For insertion, we only needed to check if a rotation occurred to see if the
subtree height had changed. But for deletion we need to ckeck all of the above.
So for deletion of a node we have:
/*
* avl_delete() -- delete an item from the given tree
*
* PARAMETERS:
* data -- a pointer to a pointer to the key to delete
* On exit, *data points to the deleted data item
* (or NULL if deletion failed).
* rootp -- a pointer to an AVL tree
* compar -- name of function to compare 2 data items
*/
PRIVATE short avl_delete( data, rootp, compar )
void **data;
AVLtree *rootp;
int (*compar)();
{
short decrease;
int cmp;
AVLtree old_root = *rootp;
NODE nd_typ = node_type( *rootp );
DIRECTION dir = (nd_typ == IS_LBRANCH) ? LEFT : RIGHT;
if ( *rootp == NULL_TREE ) { /* data not found */
*data = NULL; /* set return value in data */
return HEIGHT_UNCHANGED;
}/* if */
/* NOTE the extra parameter to compare this time */
cmp = compar( *data, (*rootp) -> data, nd_typ ); /* compare data items */
if ( cmp < 0 ) { /* delete from left subtree */
decrease = -avl_delete( data, &( (*rootp) -> subtree[ LEFT ] ), compar );
if ( *data == NULL ) return HEIGHT_UNCHANGED;
}/* elif */
else if ( cmp > 0 ) { /* delete from right subtree */
decrease = avl_delete( data, &( (*rootp) -> subtree[ RIGHT ] ), compar );
if ( *data == NULL ) return HEIGHT_UNCHANGED;
}/* elif */
/************************************************************************
* At this point we know that if "cmp" is zero then "*rootp" points to
* the node that we need to delete.
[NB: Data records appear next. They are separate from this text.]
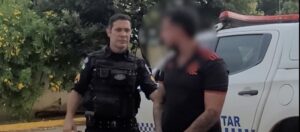 O acompanhamento seguiu até a Rua T-26, nas proximidades da antiga pista de kart, onde o veículo parou em frente a uma oficina. Neste momento, mesmo diante da resistência por porte do suspeito, foi realizada a abordagem policial com apoio de uma segunda guarnição.
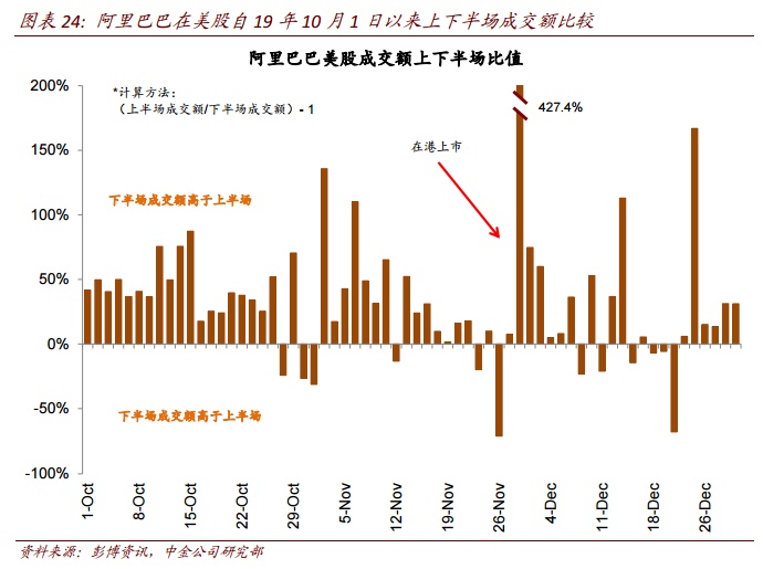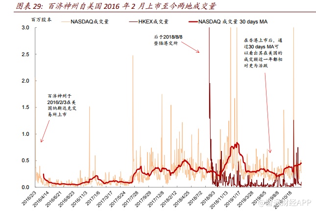 问题四:有哪些中概股已经实现回归港股,表现如何?目前包括阿里巴巴、百济神州等在内以美股为主上市地的中概股已经实现美股及港股两地上市。阿里巴巴回归港股适用上述第三类条件,在香港发行股份5亿股,融资近千亿港币;发行价格对应的估值23.7倍滚动市盈率/5.9倍市净率。阿里巴巴在香港上市前五个交易日日均交易量90亿港币,此后至今日均交易量约32亿港币,对应日均换手率2.6%,交易较为活跃。
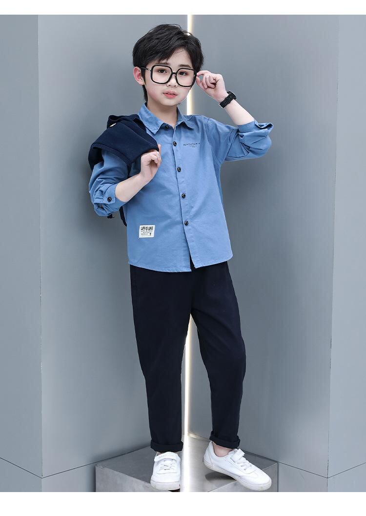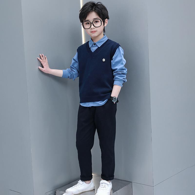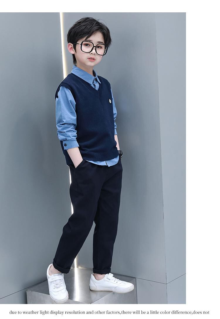 キッズ フォーマルスーツ 3点セット 男の子 子供服 春秋 セットアップ 発表会 結婚式 卒園式 入学式 長袖シャツ ベスト ロングパンツ 綿100% 紺色
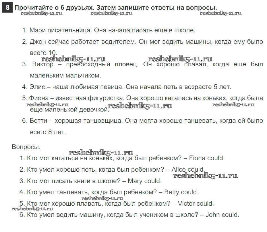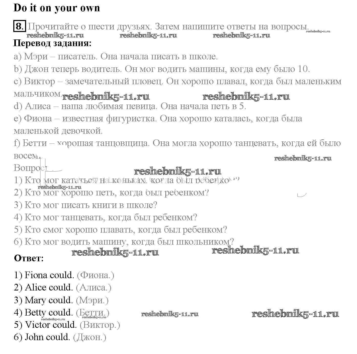 Готовая домашняя работа с ответами по Английскому языку за 5 класс Афанасьева, Михеева, Баранова Учебник Rainbow Часть 1, 2 Дрофа 2017 ФГОС - Step 5 8
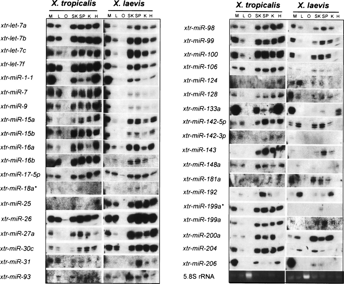 Northern blot validation of computationally identified Xenopus tropicalis and Xenopus laevis miRNAs. Total RNA was isolated from X. tropicalis and X. laevis oocytes and adult tissues, resolved on denaturing polyacrylamide gels, electroblotted to nylon membranes, and hybridized with DNA oligonucleotides complementary to computationally identified Xenopus miRNAs. Specific Xenopus miRNAs sequences probed with complementary DNA oligonucleotides are indicated at left. Xenopus tissues extracted for RNA analysis are indicated at the top. (M) Muscle; (L) liver; (O) oocyte; (SK) skin; (SP) spleen; (K) kidney; (H) heart.
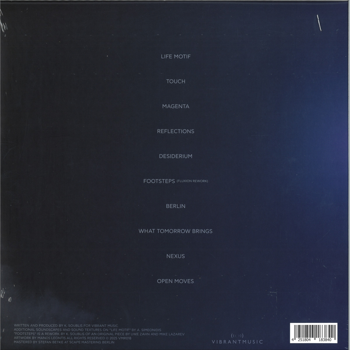 Haze is a broad selection of pieces that was recorded between 2023- 2024. The music is moving from more slow cyclic compositional pieces on Life Motif, Nexus, Desiderium, to ambient dub pieces, on Magenta and Touch, on to more euphoric and uplifting ones on Footsteps, Berlin and What Tommorow Brings, reflecting on artist's need to tell stories. As a whole Haze showcases the artist's versatility on moving and combining different genders with his own distinct crafted sound, bringing a bold always fresh unique view, making the album an indulging and intriguing listening experience as a whole.
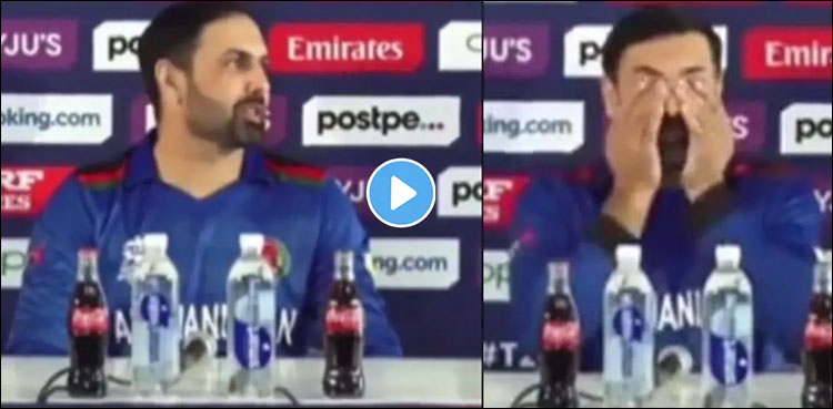 اس میچ کے اختتام پر افغانستان کے کپتان محمد نبی نے پریس کانفرنس کی جس کا ایک کلپ سوشل میڈیا پر وائرل ہورہا ہے۔
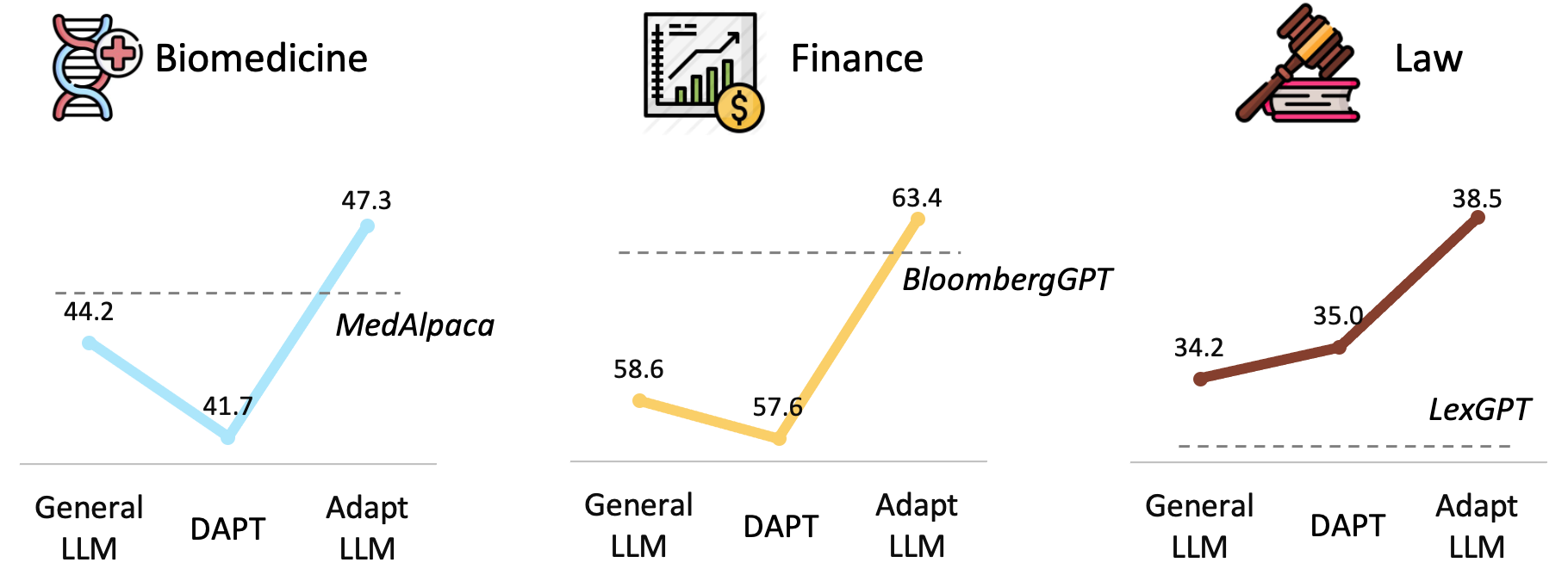 In our paper, we develop three domain-specific models from LLaMA-1-7B, which are also available in Huggingface: Biomedicine-LLM, Finance-LLM and Law-LLM, the performances of our AdaptLLM compared to other domain-specific LLMs are:
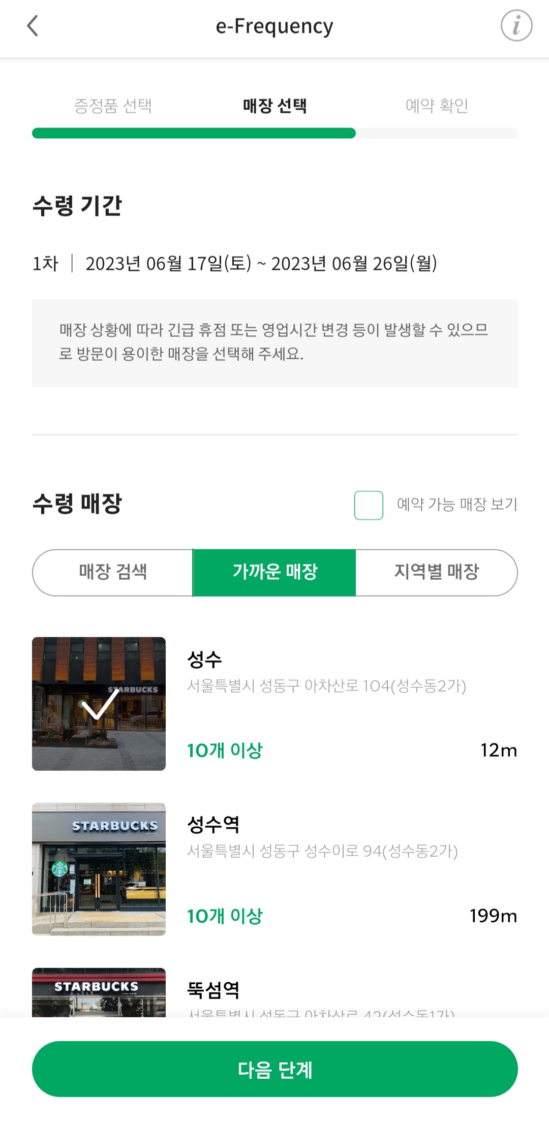 수령 매장도 성수점으로 선택 하였습니다
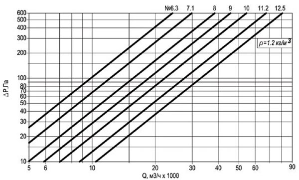 Технические характеристики вентиляторов ВКОП следует получать из индивидуальных характеристик соответствующих осевых вентиляторов (ВО 25-188) с уменьшением создаваемого вентилятором давления на величину потерь давления во входной шахте. Потери давления во входной шахте для вентиляторов разных типоразмеров приведены на графике.
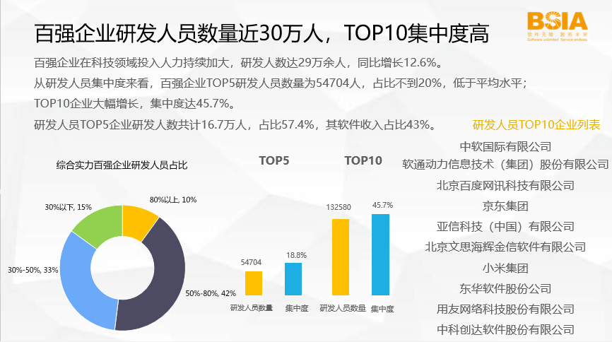 第四,百强企业研发人员数量近30万人,TOP10集中度高。
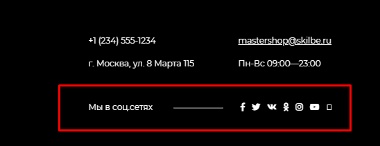 Опция для переключения блока - "Выводить соц.сети" в разделе Подвал сайта
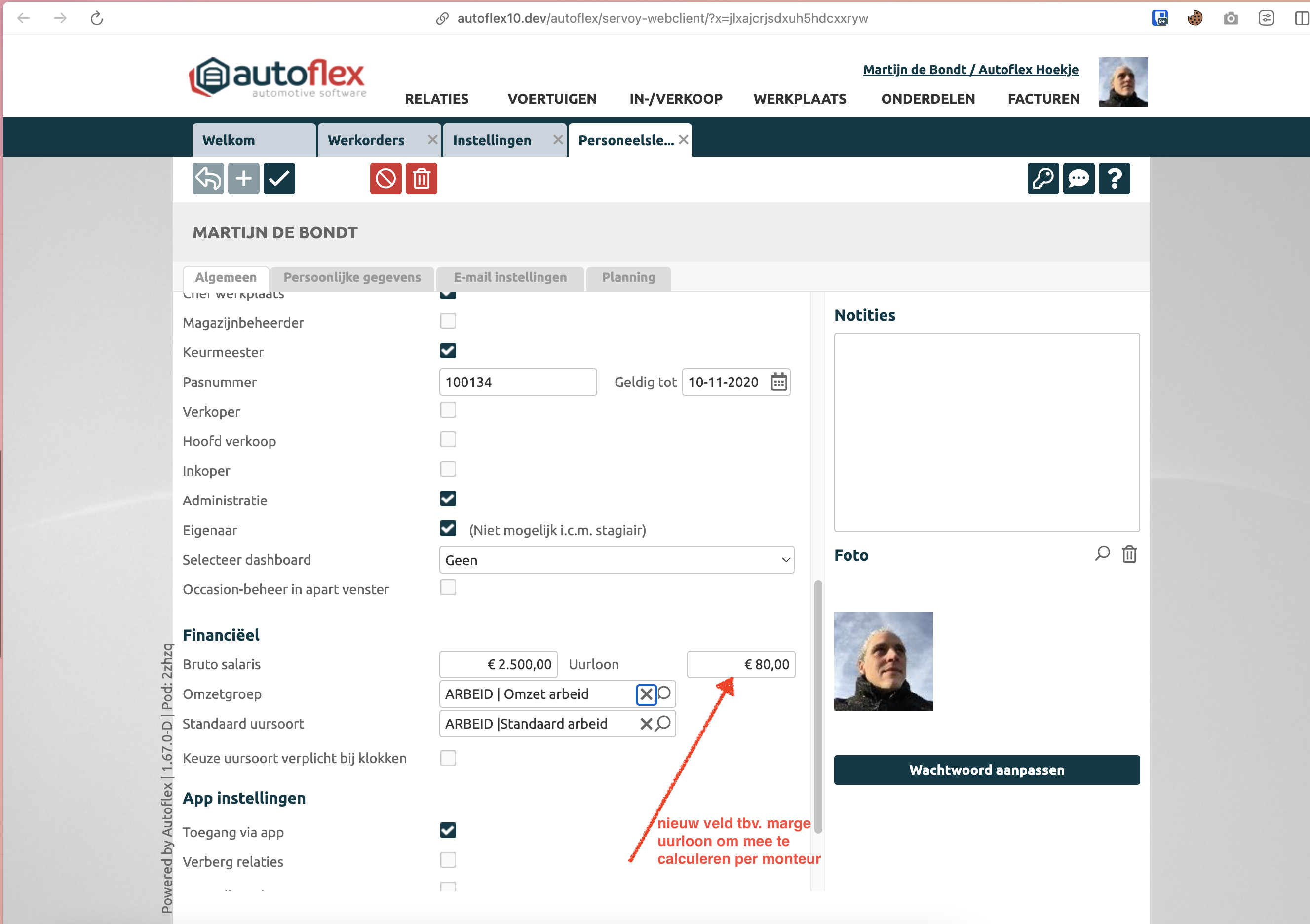 Voor de hoofdrollen in Autoflex is de Winstmarge knop zichtbaar in elke werkorder
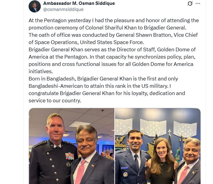 বর্তমানে ‘গোল্ডেন ডোম ফর আমেরিকার’ স্টাফ ডিরেক্টর পদে দায়িত্ব পালন করবেন ব্রিগেডিয়ার জেনারেল শরিফুল খান।
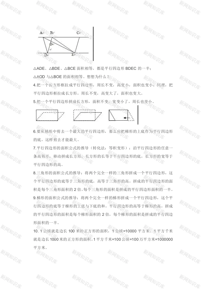 苏教版五年级上册知识点汇总第一章负数的初步认识1.0既不是正数,也不是负数。正数都大于0,负数都小于0。2.在数轴上,以“0”为分界点,越往左边的负数越小,左边的数都比右边的数小。3.在生活中,0作为正、负数的分界点,常常用来表示具有相反关系的量。如零上温度(+)、零下温度(一):海平面以上(+)、海平面以下(一):盈利(+)、亏损(一):收入(+)、支出(一):南(+)、北(一):上升(+)、下降(一)4.水沸腾时的温度是100℃,水结冰时的温度是0℃:-10℃比-5℃低5℃,6℃比-6℃高12℃。第二章多边形的面积1.一个平行四边形能分割成两个完全相同的三角形:两个完全相同的三角形能拼成一个平行四边形。2.一个平行四边形可以分割成两个完全相同的梯形:两个不同的梯形也可能拼成一个平行四边形。如图:完全相同的梯形不同的梯形知3.等底等高的平行四边形的面积相等,周长不等:等底等高的三角形的面积相等,周长不等:一个三角形的面积是与它等底等高的平行四边形面积的一半。如下图:

There are three cases:
*
* 1) The node is a leaf. Remove it and return.
*
* 2) The node is a branch (has only 1 child). Make "*rootp"
* (the pointer to this node) point to the child.
*
* 3) The node has two children. We swap data with the successor of
* "*rootp" (the smallest item in its right subtree) and delete
* the successor from the right subtree of "*rootp". The
* identifier "decrease" should be reset if the subtree height
* decreased due to the deletion of the sucessor of "rootp".
************************************************************************/
else { /* cmp == 0 */
*data = (*rootp) -> data; /* set return value in data */
switch ( nd_typ ) { /* what kind of node are we removing? */
case IS_LEAF :
free_node( rootp ); /* free the leaf, its height */
return HEIGHT_CHANGED; /* changes from 1 to 0, return 1 */
case IS_RBRANCH : /* only child becomes new root */
case IS_LBRANCH :
*rootp = (*rootp) -> subtree[ dir ];
free_node( &old_root ); /* free the deleted node */
return HEIGHT_CHANGED; /* we just shortened the "dir" subtree */
case IS_TREE :
decrease = avl_delete( &( (*rootp) -> data ),
&( (*rootp) -> subtree[ RIGHT ] ),
avl_min );
} /* switch */
} /* else */
(*rootp) -> bal -= decrease; /* update balance factor */
/**********************************************************************
* Rebalance if necessary -- the height of current tree changes if one
* of two things happens: (1) a rotation was performed which changed
* the height of the subtree (2) the subtree height decreased and now
* matches the height of its other subtree (so the current tree now
* has a zero balance when it previously did not).
**********************************************************************/
if ( decrease && (*rootp) -> bal ) /* return 1 if height */
return balance( rootp ); /* changed due to rotation */
else if ( decrease && !(*rootp) -> bal ) /* or if balance is 0 from */
return HEIGHT_CHANGED; /* height decrease of subtree */
else
return HEIGHT_UNCHANGED;
}/* avl_delete */
NOTICE how in the case of nd_typ == IS_TREE, I only need one statement. This
is due to the way avl_delete sets its parameters. The data pointer passed on
entrance points to the deleted node's data on exit. So I just delete the
minimal element of the right subtree, and steal its data as my-own (returning
my former data item on exit).
And there we have it, the mantainenance of AVL tree manipulations, the brunt
of which is covered in 5 routines, none of which (except for delete which
is less than 1-1/2pages) is greater than 1 normal page in length, including
comments (and there are a lot). The main routines are:
rotate_once(), rotate_twice(), balance(), avl_insert(), avl_delete().
All other routines are very small and auxillary in nature.